MathOptInterface.jl
MathOptInterface.jl copied to clipboard
Improve performance of String names
A common source of performance problems in JuMP and MathOptInterface are dealing with the String
names of variables and constraints.
As a recent example, see https://github.com/jump-dev/MathOptInterface.jl/pull/2426 and related issues/PRs.

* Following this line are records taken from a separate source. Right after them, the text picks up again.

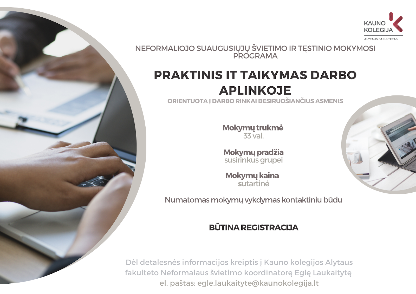 Mokymų vieta: Kauno kolegija Alytaus fakultetas, Studentų g. 17, Alytus.
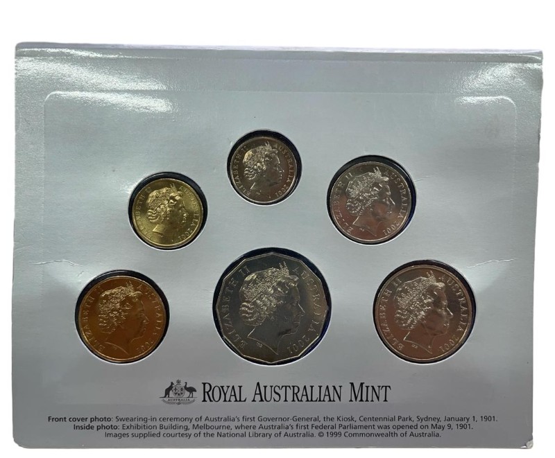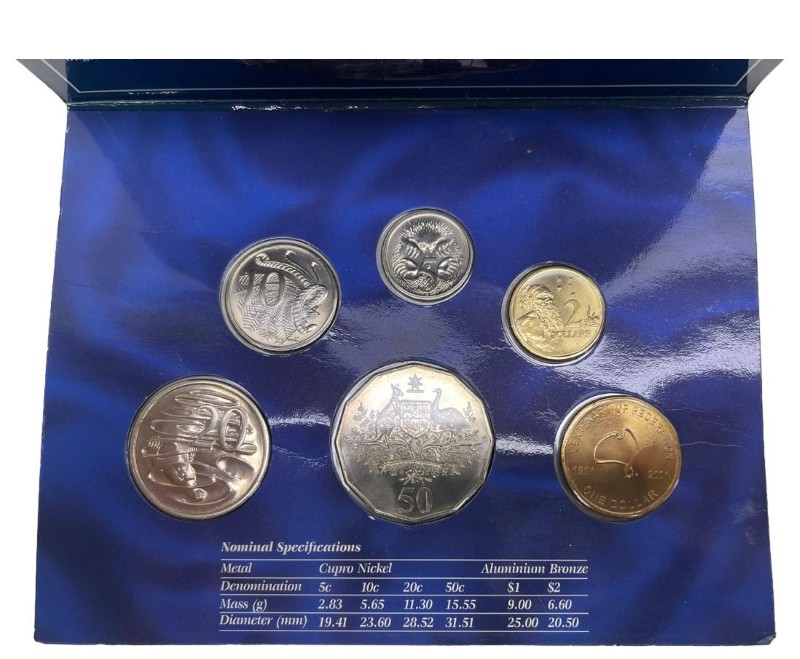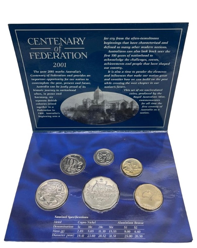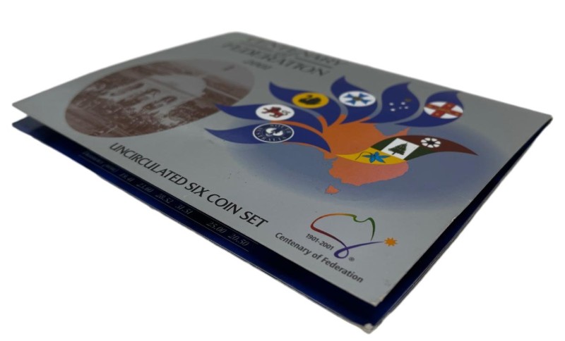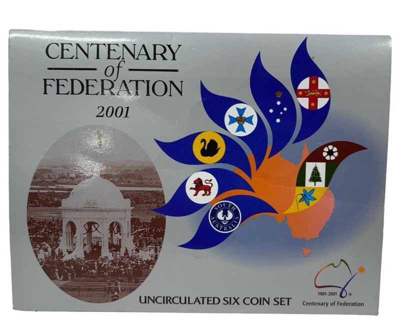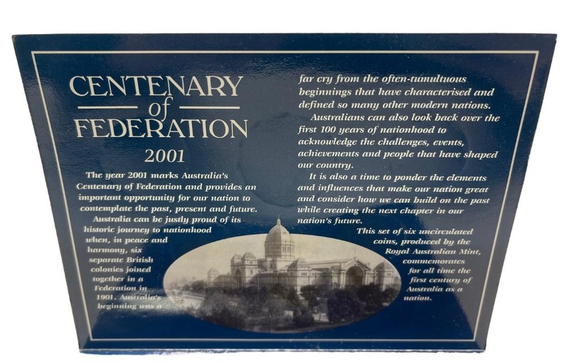 This impressive Centenary of Federation UNCIRCULATED SIX COIN SET from the Royal Australian Mint is a must-have for any serious collector. Minted in 2001, this set celebrates a significant milestone in Australian history with a stunning array of coins. Featuring a range of denominations, these coins are in good condition with little sign of wear, making them a valuable addition to any collection.
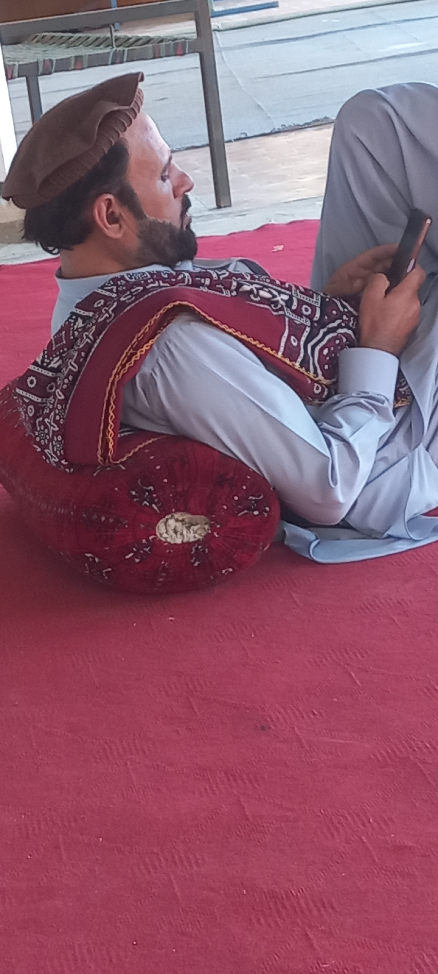 The image shows a man, likely in Muhammad Khel, Pakistan, holding a mobile phone. He is dressed in traditional clothing, including a distinctive patterned shawl draped over his shoulders and a brown c…read more
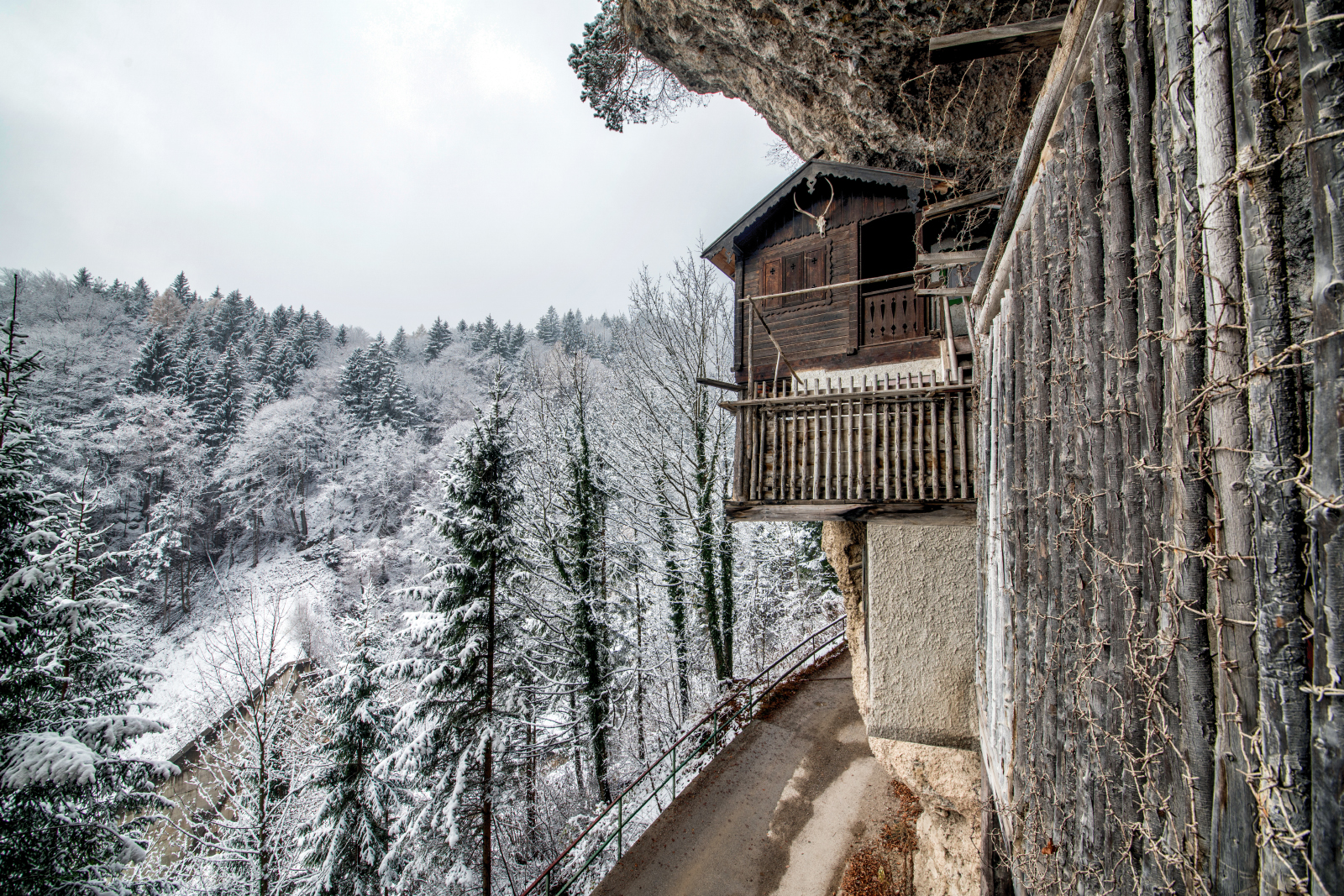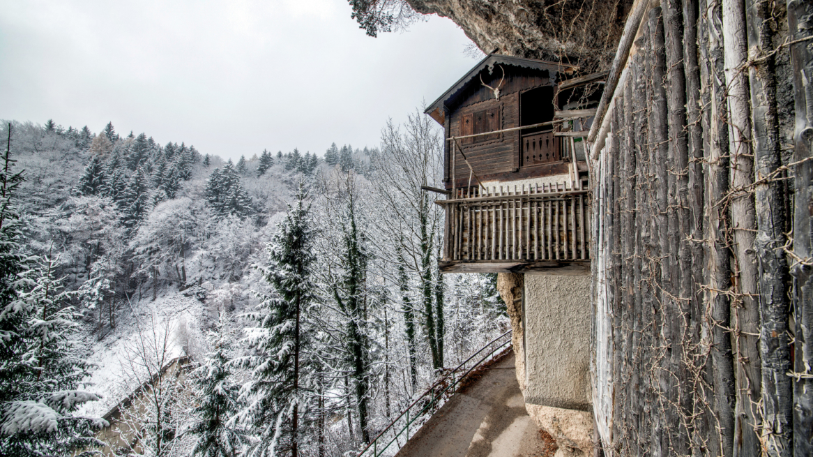 Oberhalb der Mühlauer Klamm befindet sich ein sehr hübsches Fotomotiv: eine Holzhütte, die in den Fels gebaut wurde und Teehütte genannt wird. Unweit der Teehütte findet man die Mühlauer Aussicht mit wunderschönem Blick auf Innsbruck und einem Bankerl zum Aussicht Genießen.
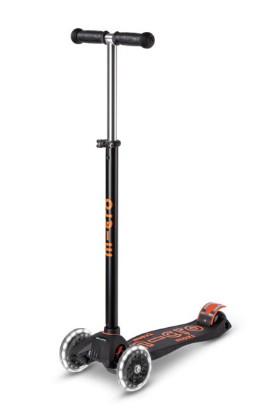 Детский трехколесный самокат Maxi Micro Deluxe черно-оранжевый со светящимися колесами от известного швейцарского бренда Micro. Универсальная модель, разработанная специально для детей от 4-х до 12-ти лет. Самокат, который зарекомендовал себя, как надежный и качественный транспорт.
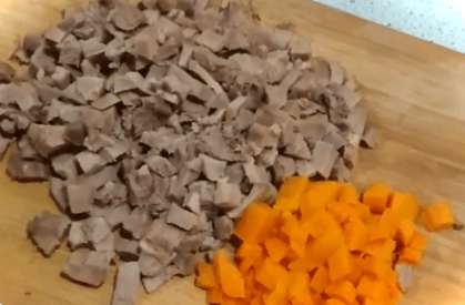 Поки язик гарячий, очищаємо його від шкірки, а потім нарізаємо дрібними шматочками. Так само нарізаємо моркву, яка варилася разом з ним у бульйоні.
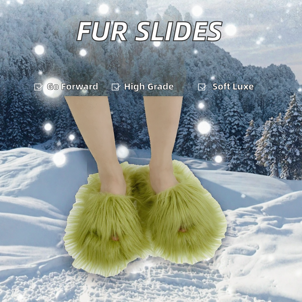 Style:Fur, outdoor slippers, fashionable fur slide
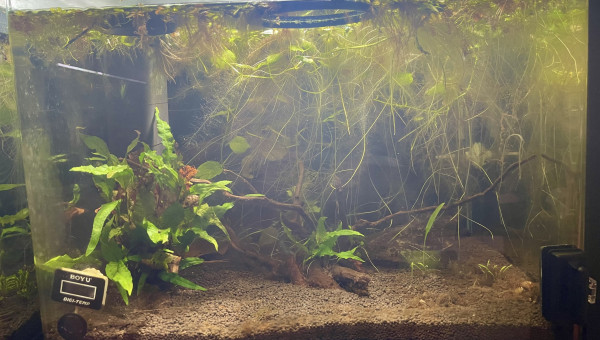 1 mâle et 2 femelles, qui pour l’instant prennent leurs marques. Le mâle est plus timide et encore un peu pâlot, encore un peu jeune aussi. Ils sont issus d’une souche ramenée par un membre du CIL (Communauté Internationale pour les Labyrinthidés) lors d’une expédition aquariophile.
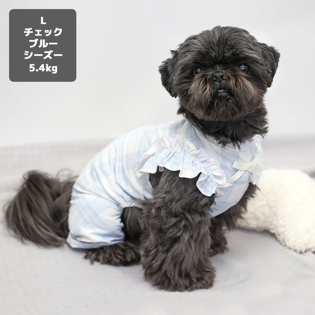 シーズー5.4kg(首26/胴38/丈38cm)のつぶくんはチェックブルーのLを着用
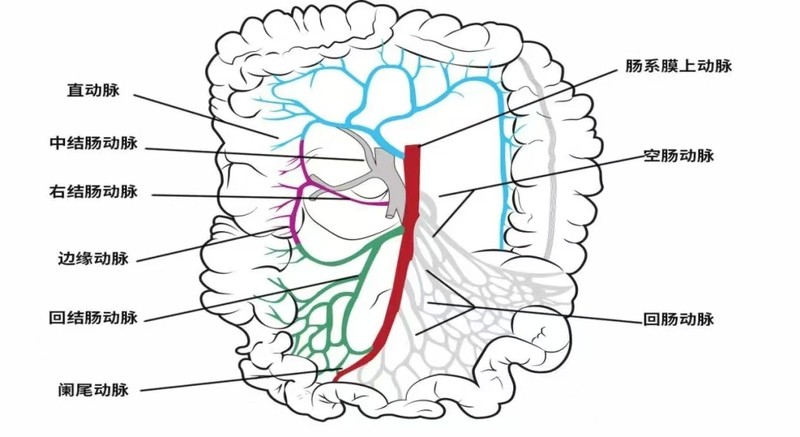 图二 肠系上膜动脉(红色)发出的动脉血管分支(其他彩色血管)

The main place that String
s are stored is:
https://github.com/jump-dev/MathOptInterface.jl/blob/dcfb03311bb6afc10a36e7967cdd9aecb706241c/src/Utilities/model.jl#L27-L31
When building models with large (>10^5) numbers of variables and constraints, these dictionaries contain a large number of strings. Each String
is a GC-tracked object, and it is long-lived, because we maintain these dictionaries throughout the lifetime of a Model
. If CachingOptimizer
is involved, there can also be multiple copies of the strings, for example, if we have a setup like Cache(Model, Bridge(Cache(Model, Solver)))
.
Lots of long-lived GC-tracked objects are bad for Julia's garbage collector.
Workaround
The main workaround at present is JuMP.set_string_names_on_creation(model, false)
, which does not pass string names from JuMP to the solver.
The downside of this workaround is that solvers and file writers cannot print or display useful names to the user.
- https://github.com/jump-dev/JuMP.jl/issues/2973
- https://github.com/jump-dev/JuMP.jl/issues/2817
Potential approaches
We should try replacing the String
storage with an alternative string type. Candidates are:
- https://github.com/JuliaStrings/InlineStrings.jl
- https://github.com/JuliaData/WeakRefStrings.jl
To ensure backwards compatibility, we should make sure that getting and setting these strings uses the original String
type, so that the internal storage is hidden from the user.
It is okay to convert between string types, and to generate extra allocations if these new strings are short-lived objects. The real performance problem is long-lived GC-tracked objects.
Solvers
Many solver packages also store String
names. If the changes to MOI are an improvement, we should investigate was to simplify name handling in the different solver wrappers.